The economic impact will run into millions. According to Thomas Riley, host of MarketScale ’s <Diving into Data podcast, the loss the Southern California area will incur following the cancellation of the Indian Wells Masters will be to the tune of $400 million. The Miami Open, the next Masters to be snuffed out, drew 388,734 fans last year. The loss for South Florida this year is pegged at $390 million. Apart from gate receipts, this also includes the hits that auxiliary clusters of economic activity like hotels, restaurants, transportation and television and online broadcasting will take.

In India, Star Sports paid a whopping $2.55 billion for the IPL telecast rights for a five-year period from 2018 to 2022. The cost per game ($8.47 million) placed it third in the list behind the NFL in the United States and the Premier League in England. To call off the IPL will lead to a bloodbath, with tens of millions of dollars erased from each franchise’s share of the broadcast revenue.

Initially there was an attempt, in England in particular, to protect at least this part of the revenue by staging matches behind closed doors.
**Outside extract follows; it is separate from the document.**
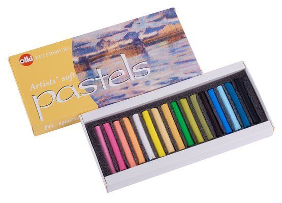 0168 Пастель "Ассорти" №10, 16 цветов Мягкая пастель "ОЛКИ" - разновидность сухой пастели, предназначенная для выполнения работ в традиционной технике. Пастель хорошо ложится на шероховатую основу, легко поддаётся растушёвке, создавая мягкую, бархатистую фактуру поверхности. Наложение пастели плотными слоями позволяет добиваться особой глубины и насыщенности цветового тона. Высокое качество пастели достигается применением тонкодисперсных пигментов и особой сушкой пастельных карандашей. При работе в смешанных техниках мягкая пастель ОЛКИ может быть использована в сочетании с такими водоразбавляемыми материалами, как гуашь, акварель, акрил, чернила. Состав: 304.14 Розово-фиолетовый 301.12 Красный светлый 301.16 Красный светлый 204.14 Оранжевый 101 Белый 202.12 Желтый 205.14 Охра желтая 205.12 Охра желтая 604.10 Травяной зеленый 202.9 Желтый 202.8 Желтый 803.10 Сепия 512.12 Голубой ФЦ 514.16 Бирюзовый 514.9 Бирюзовый 701.10 Черный (цифра после "." означает: больше 10 - разбелы, меньше 10 - учернение (темнее)

While bigger clubs and franchises can absorb the loss of turnstile earnings, for lesser outfits that do not attract sufficient eyeballs on televisions and streaming websites, the loss of money from ticketing will be crippling. It may also lead to a situation where the broadcast companies themselves may be circumspect before investing such huge sums anticipating future disruptions.

On the other hand, if the Olympics doesn’t go ahead, it will be a seismic disaster for Japan. Riley pointed out that Japan’s spending on the Olympics is about $12.6 billion of which $5.6 billion is in private capital and the rest in taxes. A successful Olympics will enable Japan to earn back a significant amount of the latter; this, despite the recent experiences of Greece and Brazil, whose economies floundered after playing host to giant-sized sports competitions. The Asian powerhouse appears driven by the prevalent belief that large upgrades in infrastructure will have a positive impact on the well-being of its people in the long run.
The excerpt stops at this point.